I think the role of technology will continue to evolve. Textbooks will become increasingly electronic. One of the biggest impacts of MOOCs won’t be on colleges and universities as much as on publishers. MOOCs in the end are about course content, not course delivery.

The advance of technology will continue. Our use of these things will continue to reshape how a classroom is managed, how student learning is facilitated, the ways in which we will use different practice settings and experiential settings and global settings to expand and reinforce learning.

It becomes a different kind of teaching environment that is a lot more about organizing, integrating and facilitating the experience of student learners. But it doesn’t in any way diminish the role of the instructor or faculty member to make that a meaningful learning experience for students in this context.

Because education can’t be one-size-fits-all. We will see more and more pedagogical techniques that are partaking of many different environments and many different delivery mechanisms—from the traditional lecture and marker on the white board to more advanced technologies.

We will see a lot more emphasis over these next 10 years on the importance of student scholarship and student undergraduate research. It’s evidenced in the plan, obviously. It places students in a context where they have to be generative. They are going to be posing a problem or addressing an issue or taking on a task of some kind that will put them in that experiential space that stretches them.

I think our global context in 10 years will evolve into many different platforms.

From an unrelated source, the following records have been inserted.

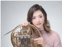
多彩で美しいホルンの音色をお楽しみください

①「わんぱく★ランド2022」人気声優による「スクリーン人形劇」▶みんなが知ってる昔ばなしをその場でアテレコ 📅6月18日(土) ①13時～13時50分 ②15時～15時50分 先250人 ¥全席指定1,000円(小学生以下500円) 申4月12日10時から 窓(☎は14時から) ②サルビア・プレミアムクラシックオーケストラの首席 vol.4 坂東 裕香 ホルンリサイタル▶神奈川フィル首席奏者によるコンサート。ホルンソロのほか、ソプラノ、バイオリンとのアンサンブル曲も楽しめます 📅7月2日(土) 14時～16時 小学生以上 先100人 ¥全席指定 一般:3,500円、区民・18歳以下・65歳以上・障害者(要証明書):3,200円 申4月16日10時から 窓(☎は14時から)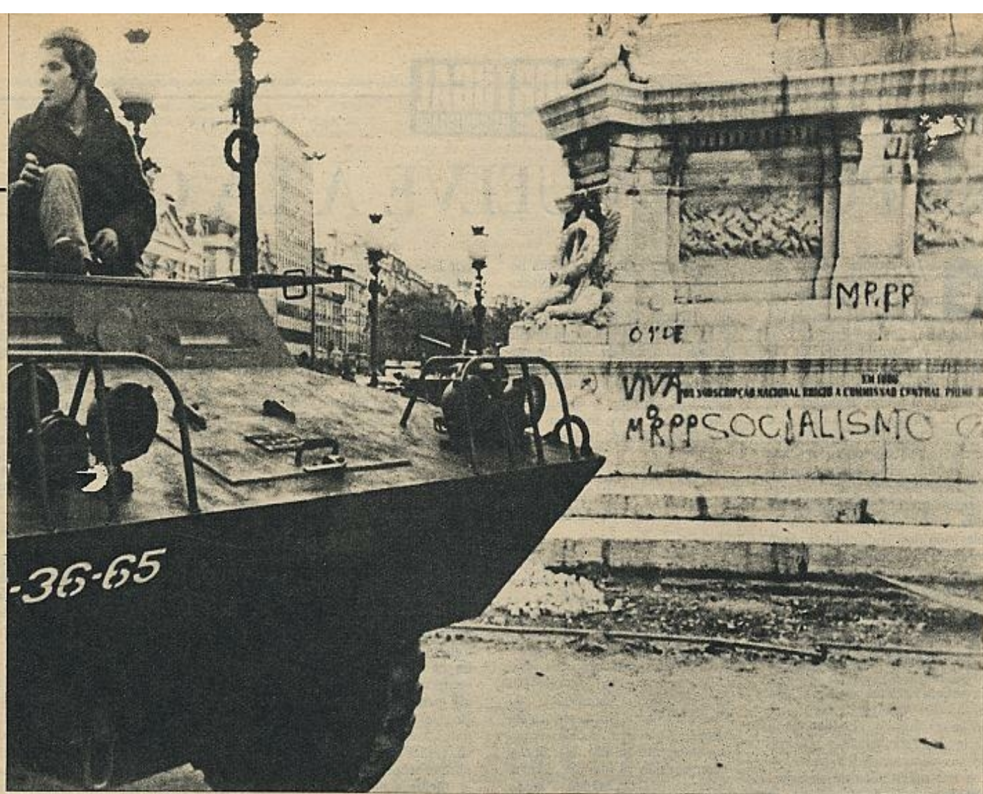
En monumentos y muros han aparecido estos días numerosas pintadas con «slogans» y siglas de partidos que hasta el momento del golpe se habían movido en la clandestinidad.

sólo será válido para la verdadera reconstitución del país si abarca a un máximo número de electores y de candidatos, de elegibles. Habrá unos redactores de la Constitución futura, que la someterán a la Constituyente, y ésta deberá tener un mecanismo lo suficientemente práctico como para elaborar las enmiendas necesarias.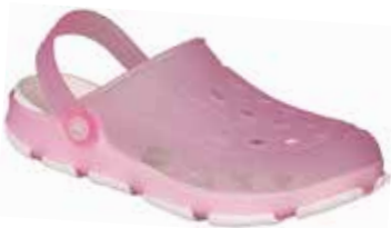
JUMPER FLUO PINK/WHITE 6362-100-3832 rozmiary: 36-41 1-2-3-3-2-1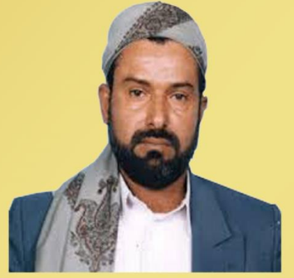
السيد /حسين بدر الدين الحوثي

ثقوا بنصر الله وإن وجدتم هؤلاء المعتدين محيطين بالبلاد من كل جانب فالله معنا وهو ناصرنا وهو حسبنا ونعم الوكيل وكفى بالله وليا وكفى بالله نصيرا .

This becomes less about students from Central or cooperating institutions deciding they’re going to go to Paris. It becomes students—along with partners and faculty and even a broader set of adult education opportunities that may grow into an international framework—taking on short-term and long-term and thematic and multi-site opportunities.

Leiden, the Netherlands

Take a theme like international law or global economics. The University of Leiden, where we have partnership, is probably the leading institution in the world on international law. You’re 45 minutes from Amsterdam, 30 minutes from The Hague and two hours from Brussels.

So you can begin to see these platforms build. You are about 3 hours by train from Paris. And so now you bring in UNESCO. You start to broaden the reach and say: “How do we start to understand some of these global movements in international law and political theory, like how Europe is going to be changing?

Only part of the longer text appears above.